Cette saison confirme toutefois que le succès de l’année précédente n’était pas un résultat isolé. En quelques années, Rondeau est passé d’un projet local soutenu par un sponsor à un constructeur capable de lutter régulièrement pour les premières places de la plus importante course d’endurance française.
1982 : la M382 fait entrer Rondeau dans l’ère du Groupe C
Le changement de réglementation de l’endurance impose ensuite une nouvelle évolution. En 1982, Rondeau développe la M382 pour le Groupe C, nouvelle catégorie majeure du championnat du monde. La voiture remporte les 1 000 kilomètres de Monza et permet au constructeur français de terminer vice-champion du monde d’endurance des constructeurs derrière Porsche.
Cette campagne représente le dernier grand succès international de Rondeau. Elle montre également la difficulté croissante de son modèle économique : rester compétitif dans un championnat mondial demande désormais des moyens techniques et financiers toujours plus importants. Pour une petite entreprise indépendante dont l’activité dépend largement de la compétition, cette évolution fragilise l’équilibre construit au cours des années précédentes.

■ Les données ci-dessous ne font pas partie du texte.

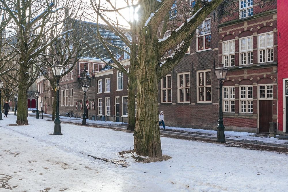 Die Hooglandse Kerkgracht in Leiden mit einer kleinen weißen Decke. Mit dem schönen roten Haus.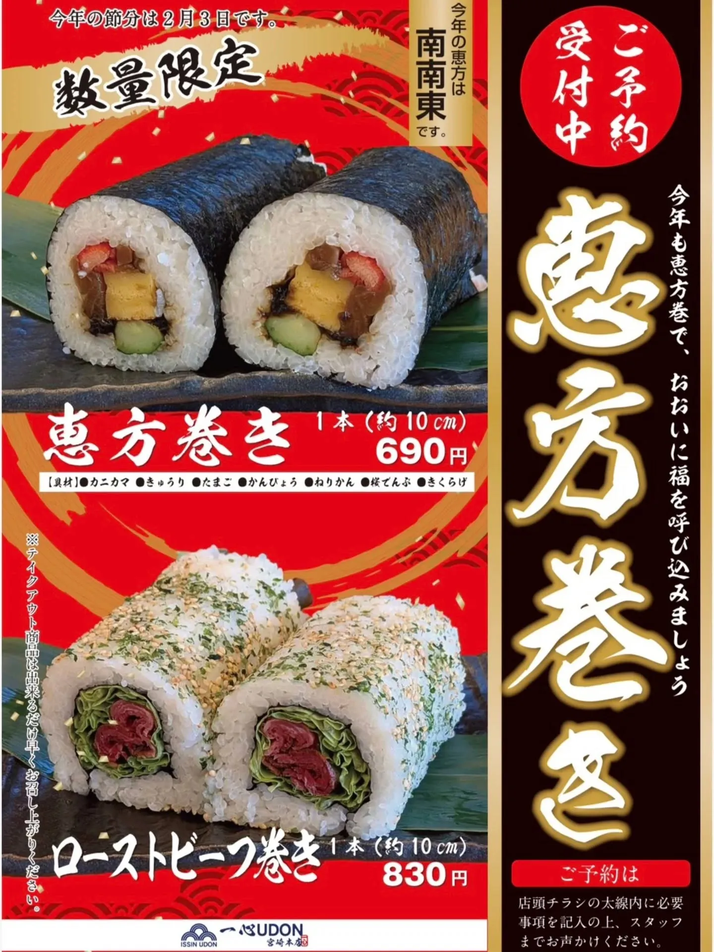 恵方巻の予約開始いたします😁 2026/01/09 恵方巻の予約開始いたします😁 今年はローストビーフ巻きです 数量限定になっております😞 一心UDON宮崎本店 0985-72-3530 #恵方巻#ローストビーフ巻#宮崎うどん#南南東 #一心UDON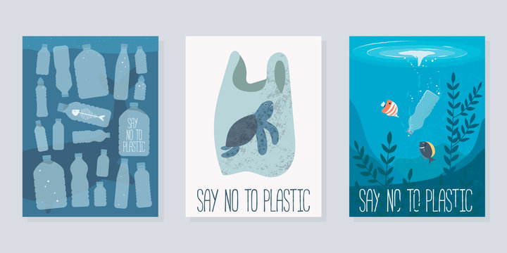 No plastic. Plastic bag crossed out in a red circle. Environmental protection. Ecology. Alternate plastic bag. Textile shopping bags. Illustration in flat style.
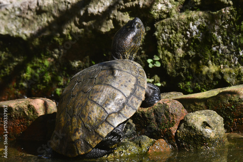 Fototapeta - Uma tartaruga tomando sol nas pedras do lago do jardim do Museu da República - Catete - RJ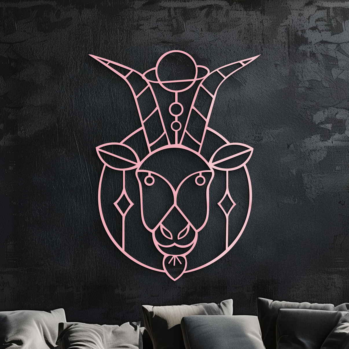 Add a touch of astrology to your home with this Capricorn Zodiac metal wall art, designed in a modern geometric style. Produced exclusively in pink color, this durable metal piece makes a bold statement while celebrating your zodiac sign. A unique and meaningful gift idea for Capricorn lovers and astrology enthusiasts.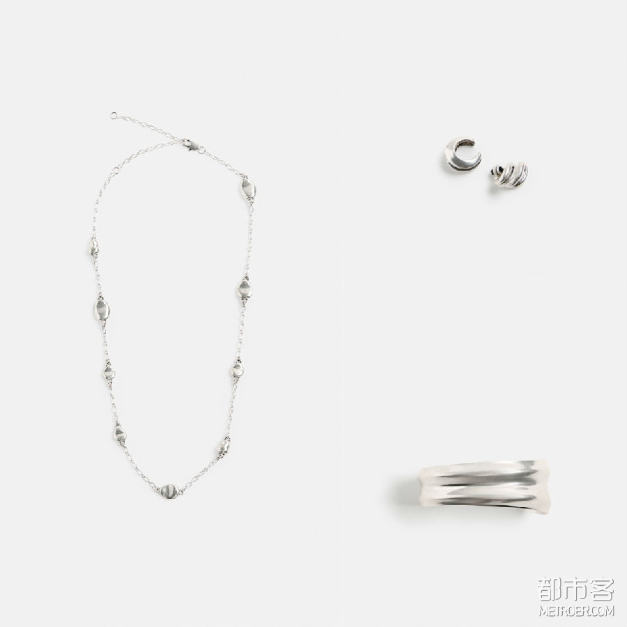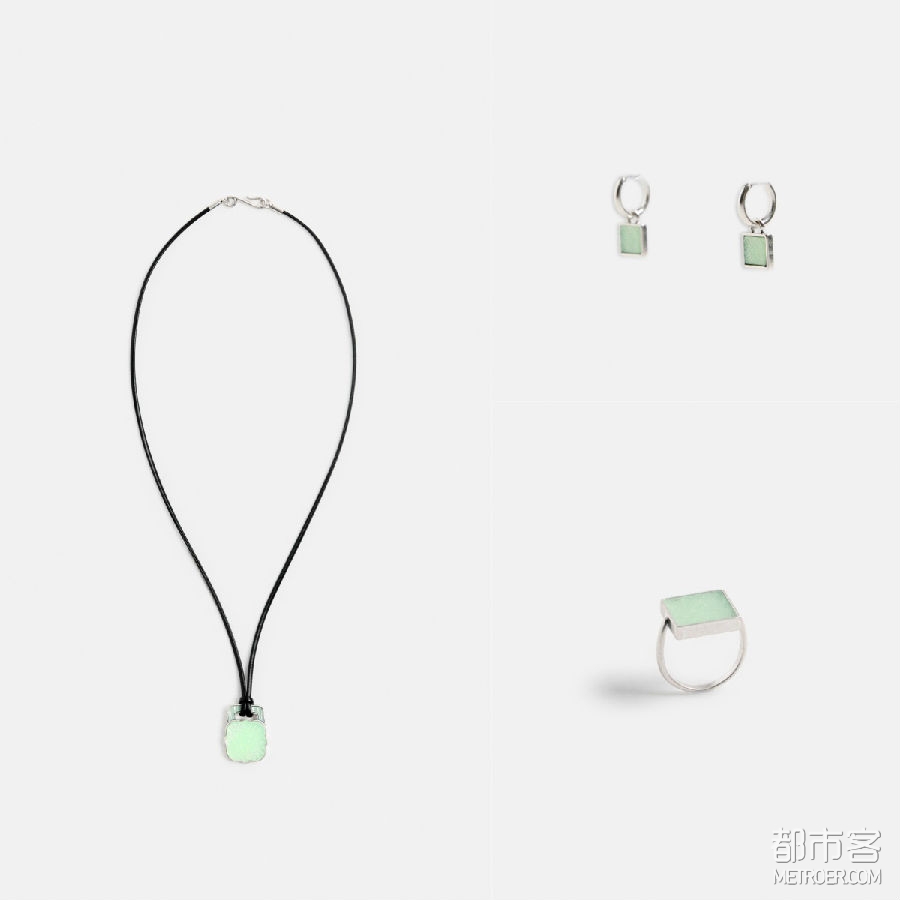 珠宝:桑多尔的珠宝收藏本身就极具吸引力,同时也是连接这一开创性合作中的男装和家居用品的审美驿站。设计师对有机形态的迷恋以及对传统回忆的致敬体现在一系列带有包豪斯风格的银色镀金属饰物上,以及另一系列产品——将绿色树脂镶嵌在更多银色镀金属中,有时还刻有源自匈牙利和东欧传统的花卉和其他图案。这些精心制作的珠宝包括戒指、耳环、耳环夹和项链。

1983 : la M482 et les difficultés financières précipitent la fin du constructeur
En 1983, Rondeau engage la M482, conçue pour poursuivre l’aventure en Groupe C. Cette nouvelle génération ne parvient cependant pas à reproduire les performances des M379 et M382. Les difficultés de compétitivité et de fiabilité se combinent à une situation financière de plus en plus tendue, tandis que la concurrence dispose de ressources croissantes pour développer ses prototypes.
Automobiles Jean Rondeau est placée en règlement judiciaire en septembre 1983 et les engagements officiels du constructeur au Mans cessent après cette saison. L’entreprise tente encore de maintenir une activité, notamment autour de la monoplace de Formule Ford, mais cette diversification ne suffit pas à assurer sa pérennité. L’activité prend fin en 1985, quelques mois avant la mort accidentelle de Jean Rondeau en décembre de la même année.
La marque ne sera pas relancée comme constructeur automobile. Ses prototypes continuent toutefois à courir entre les mains d’équipes privées, avec des Rondeau encore présentes aux 24 Heures du Mans jusqu’en 1988. Aujourd’hui, Rondeau appartient donc à l’histoire du sport automobile français : une marque disparue après moins d’une décennie d’activité sous son nom, mais dont la victoire de 1980 reste un cas singulier dans l’histoire des 24 Heures du Mans.